At least two sections of the wavelength range may also be referred to as spectral wavelength bands (spektrale ) or dual-band.

In a preferred embodiment of the optical structural element according to the invention, the layer thickness of the intermediate refractive layers (compensation layers) each present in the stack and interposed between partial layers is 20 to 150 nm, preferably 30 to 100 nm. It is furthermore preferred that the percentage of the medium-refractive layer to the total thickness of the stack is at least 20%, preferably 25%. The medium-refractive layer has a stress coefficient whose sign is opposite to that of each low-refractive layer and each high-refractive layer.

An advantage of the invention is that the reflectivity can be selected by selecting the layer thickness of at least one of the existing medium-refractive layers. That is to say it is feasible that the reflectivity of the optical structural element to be produced according to the invention can be compared with the set from the optical structural element while maintaining the number, sequence, layer thickness and material of the remaining layers of the stack. The requirements resulting from the application are adjusted accordingly so that a predetermined reflectivity of the optical structural element can be achieved.
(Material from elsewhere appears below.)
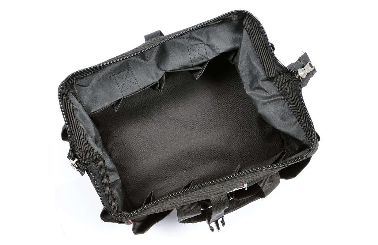 Прочная сумка с усиленной структурой. Предназначен для перевозки большего количества инструментов. Имеет большие карманы для удобного размещения мелких инструментов, закрывающиеся на молнию.

Adjustment here is to be understood as meaning that the stack is applied to the substrate, for example by deposition by means of PVD or other known methods, and that the reflectivity is adjusted by a corresponding configuration of the at least one medium-refractive layer during application. The optical structural element according to the invention is preferably constructed by means of the method according to the invention.

In other embodiments of the optical structural element, the sequence, layer thicknesses, numbers and materials of the further layers of the stack present in the optical structural element can also be selected and adjusted in such a way that the desired optical effect is achieved. In particular, the reflectivity of the optical structural element to be produced is adjusted accordingly to the requirements resulting from the intended application of the optical structural element.

Here, the adjustability of the reflectivity presupposes the presence of sub-layers and intermediate-refractive layers located between them, with a specific embodiment of the stack of optical structural elements according to the invention, that is to say with a specific layer Sequence, layer thickness, quantity or material are not relevant.

A preferred embodiment of the optical structural element according to the invention is that the stress coefficient of the medium-refractive layer is positive, that is to say the material of the medium-refractive layer introduces compressive stress into the stack.

The material of the high-refractive layer is preferably selected individually for each of the high-refractive layers from the group consisting of elements: germanium (Ge), silicon (Si), and compounds: lead telluride (PbTe) and cadmium telluride (CdTe).

Likewise, a preferred embodiment of the optical structural element according to the present invention is that the material of the medium-refractive layer comprises for each medium-refractive layer individually from the compounds: zinc sulfide (ZnS), zinc selenide (ZnSe), silicon oxide ( SiO) and the group of chalcogenides.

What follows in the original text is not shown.